W nieszczęścia tej rodziny wprowadzają nas naprzemiennie Zuzanna i Krzysztof, a że robią to z różnych poziomów czasowych, przez sporą część powieści czułam się, jakbym byłą na obiedzie u obcych ludzi, którzy niekoniecznie przejmują się, ile rozumiem z ich rozmowy, ale z których opowiadań powoli wyłania się obraz pełen smutku, żałoby, depresji i niezdrowej odmiany miłości, która bardziej niszczy niż buduje.
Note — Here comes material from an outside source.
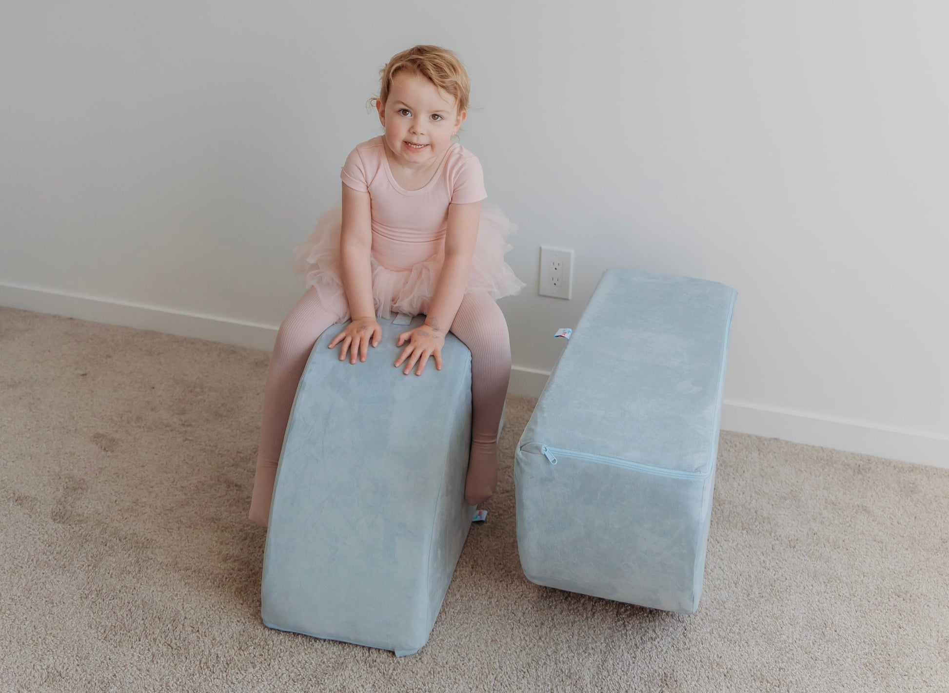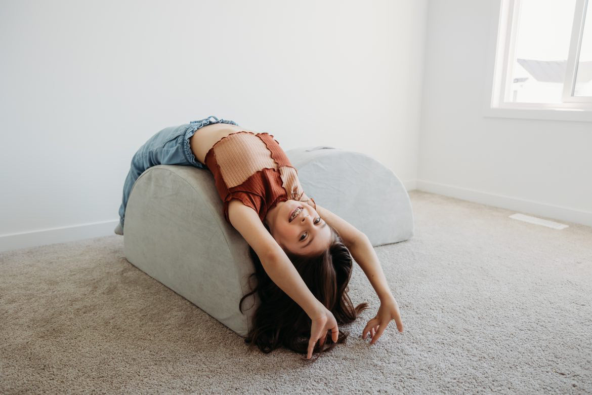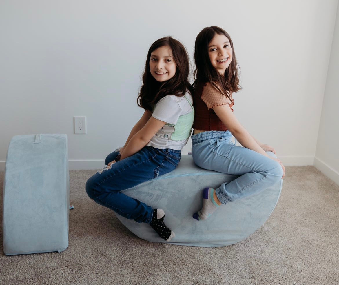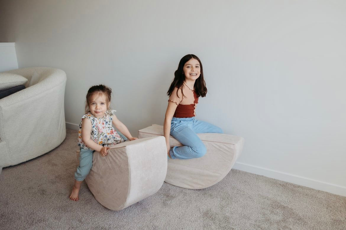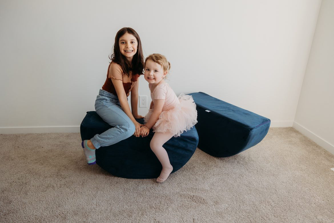 Use them as wheels in a tractor build, a stepping stool to a slide, a fun rocker, or place them side-by-side for a functional ottoman. They can also be placed under a play couch base to make a fun teetering platform!

Bohaterowie nie należą do takich, których można łatwo polubić, ale są napisani w takich sposób, że nie możesz przestać o nich czytać, i do pewnego stopnia, im kibicować. A przeplatające się ze sobą wątki tworzą meandry, z których nie można się wyplątać inaczej, jak doczytując „Listę” do końca.
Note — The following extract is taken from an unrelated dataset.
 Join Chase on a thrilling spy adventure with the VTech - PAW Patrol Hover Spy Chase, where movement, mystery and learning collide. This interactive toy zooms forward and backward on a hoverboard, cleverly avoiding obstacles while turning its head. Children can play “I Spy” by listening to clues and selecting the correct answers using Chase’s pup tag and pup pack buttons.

Więc dlaczego tak długo po nią nie sięgałam? Dlaczego momentami byłam rozdarta między przeczytaniem kolejnych 100 stron i odłożeniem tej książki na wieczne niedokończenie? Przeraził mnie temat, jako że od dwóch lat z różnym skutkiem sama walczę z żałobą, więc muszę mieć szczególnie „silny” moment w życiu, aby poszukiwać tego tematu w literaturze. Ale chyba dzięki temu jestem w stanie jeszcze bardziej docenić, jakim kunsztem posłużył się autor, by opowiedzieć tą historię. Bo emocje, towarzyszące Zuzannie po śmierci męża, były wielokrotnie odbiciem moich własnych, zaś opisy depresji, na którą cierpi inny z bohaterów, również trafiły mnie prosto w serce. Dlatego przeczytałam „Listę obecności” w kilka ponurych lutowych wieczorów, ale przeżywam ją do dziś.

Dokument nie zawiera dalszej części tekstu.